Via Verde (literally "Green Lane") is an electronic toll collection system used in Portugal since April 1991. It is available at all toll roads and bridges in the country since 1995. Toll roads and bridges are operated by multiple operators, the main being Brisa - Auto-estradas de Portugal.

Upon passing in a non-stop lane at a toll, a DSRC tag attached to the vehicle's windshield transmits its identifier and the toll amount is debited directly from the client's bank account.
If an exception is detected (the tag is invalid (or non-existent) or the vehicle's class (as detected by the lane sensors) does not correspond to the class encoded in the tag, amongst others) the vehicle is photographed and, if there is indication of fraud, a legal procedure is initiated.

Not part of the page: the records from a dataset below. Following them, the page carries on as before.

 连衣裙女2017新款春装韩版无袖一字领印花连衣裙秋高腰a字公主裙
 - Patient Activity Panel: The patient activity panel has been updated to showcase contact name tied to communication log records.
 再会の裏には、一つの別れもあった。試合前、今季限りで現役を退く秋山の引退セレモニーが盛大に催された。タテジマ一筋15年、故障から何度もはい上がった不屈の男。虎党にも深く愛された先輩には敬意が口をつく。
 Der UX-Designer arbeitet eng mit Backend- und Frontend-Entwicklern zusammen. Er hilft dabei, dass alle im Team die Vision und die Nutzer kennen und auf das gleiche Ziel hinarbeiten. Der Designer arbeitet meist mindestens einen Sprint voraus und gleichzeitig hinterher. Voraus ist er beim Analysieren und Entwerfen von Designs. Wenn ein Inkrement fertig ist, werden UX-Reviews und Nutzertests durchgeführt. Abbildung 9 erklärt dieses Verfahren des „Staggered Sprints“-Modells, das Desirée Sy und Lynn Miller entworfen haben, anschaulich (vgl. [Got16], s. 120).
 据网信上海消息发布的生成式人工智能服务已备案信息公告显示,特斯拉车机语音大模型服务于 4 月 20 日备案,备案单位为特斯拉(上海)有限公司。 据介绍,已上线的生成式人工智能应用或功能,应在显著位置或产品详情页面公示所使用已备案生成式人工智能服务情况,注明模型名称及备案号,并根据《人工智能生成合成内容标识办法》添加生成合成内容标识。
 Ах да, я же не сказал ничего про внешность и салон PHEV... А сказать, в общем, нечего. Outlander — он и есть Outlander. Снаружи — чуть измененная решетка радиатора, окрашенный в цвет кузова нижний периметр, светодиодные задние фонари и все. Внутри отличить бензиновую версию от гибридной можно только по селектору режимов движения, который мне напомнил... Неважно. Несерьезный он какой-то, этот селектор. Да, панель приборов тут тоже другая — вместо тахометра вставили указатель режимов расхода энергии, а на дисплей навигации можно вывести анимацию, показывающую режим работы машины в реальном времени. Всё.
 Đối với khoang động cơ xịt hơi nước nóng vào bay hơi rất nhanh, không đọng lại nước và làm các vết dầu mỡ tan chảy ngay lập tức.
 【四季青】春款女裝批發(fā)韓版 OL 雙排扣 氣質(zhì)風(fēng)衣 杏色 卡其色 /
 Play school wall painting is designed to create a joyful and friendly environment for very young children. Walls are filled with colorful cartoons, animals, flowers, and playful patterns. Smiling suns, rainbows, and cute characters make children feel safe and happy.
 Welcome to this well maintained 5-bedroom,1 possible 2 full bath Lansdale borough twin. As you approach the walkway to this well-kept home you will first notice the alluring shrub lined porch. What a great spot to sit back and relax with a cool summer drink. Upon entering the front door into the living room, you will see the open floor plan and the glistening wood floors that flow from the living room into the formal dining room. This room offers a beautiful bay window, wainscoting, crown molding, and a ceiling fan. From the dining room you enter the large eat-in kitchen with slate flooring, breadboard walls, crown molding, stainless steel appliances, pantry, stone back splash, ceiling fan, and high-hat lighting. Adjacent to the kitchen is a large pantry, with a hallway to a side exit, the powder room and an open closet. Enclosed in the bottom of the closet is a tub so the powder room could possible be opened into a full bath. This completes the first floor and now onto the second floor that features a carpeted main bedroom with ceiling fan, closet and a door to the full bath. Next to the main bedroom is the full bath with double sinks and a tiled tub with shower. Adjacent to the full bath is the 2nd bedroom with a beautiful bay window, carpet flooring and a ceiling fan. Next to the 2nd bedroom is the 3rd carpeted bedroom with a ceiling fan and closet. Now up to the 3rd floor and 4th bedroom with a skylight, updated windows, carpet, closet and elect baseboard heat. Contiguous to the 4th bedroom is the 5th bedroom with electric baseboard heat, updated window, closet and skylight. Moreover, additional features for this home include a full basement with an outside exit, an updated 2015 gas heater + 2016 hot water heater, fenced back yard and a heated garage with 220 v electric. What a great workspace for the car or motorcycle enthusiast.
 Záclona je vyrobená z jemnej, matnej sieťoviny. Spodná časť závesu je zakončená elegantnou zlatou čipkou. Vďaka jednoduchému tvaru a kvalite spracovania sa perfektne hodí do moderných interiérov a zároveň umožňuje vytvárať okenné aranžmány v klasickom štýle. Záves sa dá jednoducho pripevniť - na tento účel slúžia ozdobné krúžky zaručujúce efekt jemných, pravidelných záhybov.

This system provides for a good flow of traffic: usually the non-stop lanes on interchanges have a 40 or 60 km/h speed limit, tolls on the highway (as in between different tolling regions) have a 120 km/h speed limit, and the system has been proven to work at speeds above 200 km/h.

The Via Verde system was the first to be universally applied to all the tolls in a country. Via Verde has gained widespread use in Portugal mainly because it can operate with any bank in the country, as there is a fully integrated cross-bank network (the SIBS network, also known as Multibanco).

==Vehicle classes==
Via Verde/toll works with classes for the various vehicles (see Brisa classes for details).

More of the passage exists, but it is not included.